= 1927 Soviet Union legislative election =

Legislative elections were held in the Soviet Union in April 1927 to elect members of the Congress of Soviets, having originally been scheduled for 1 January. H. N. Brailsford, in his book, How the Soviets Work, he described how the elections work:

A General Election was going on in Russia during my stay this year. Save for the reports in the news-papers, one would hardly have suspected it ... There is no organization which could compile any alternative list of candidates, and if by mischance this were to happen in one electoral area, there could be no arrangement ... No large issues of policy are ever settled at a Soviet election ... The business of an election is rather to choose persons who will carry out the day to day work of administration. The entire structure of the Soviet system lends itself naturally to this limitation ... The town and village Soviets, which are directly elected, are municipal authorities whose range of action and methods of work do not greatly differ from those of municipal bodies elsewhere ... The atmosphere of a Soviet Election in Moscow is, accordingly, rather nearer to that of an English municipal election than to that of a Parliamentary General Election ... The atmosphere of the election and, indeed, of debates in the Soviets themselves, is strangely remote from "politics" as Western democracies conceive them. A big family, animated by a single purpose, sits down on these occasions to administer its common property ... The final stage in a Russian Election is the general meeting which adopts the candidates and gives them their mandates ... I think that in any event unanimity would have been attained, which, indeed, is the purpose of elections in Russia.

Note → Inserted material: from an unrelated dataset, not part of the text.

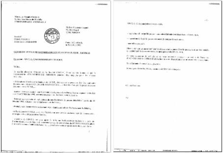 "Suite là l'entretien, que vous avez eu avec Fréderic BERNARD-METTIL, Directeur General de notre concession, je vous confirme notre position concernant la reprise éventuelle de la société S.N.G.A.

The elections were noteworthy for a number of reasons. In the aftermath, peasants were moving closer to the government, accepting more of its policies as beneficial, the Jewish population gained more representation, and party purges were on the horizon.

==Campaign==
The elections were held under a one-party state, as "any party except the Communist party [was] illegal within the country" but campaigns still included unpleasantness, as the Trotskyists complained that the Communist Party of the Soviet Union (CPSU) was losing "control of the legislative bodies," which Stalin's dictatorship fervently denied, and there was "the disfranchising of 142,000 citizens...who were permitted to vote last year," some of whom were peasants. Around this time, some of the citizenry were engaging in anti-communist actions and voted against CPSU candidates, worrying the Soviet government deeply.

Some in rural areas tried to rouse public sentiment against the CPSU but this was unsuccessful as religious members, like priests and deacons, gained rights to vote in the elections, whilst certain individuals were disenfranchised for opposing the goals of Soviet ideology.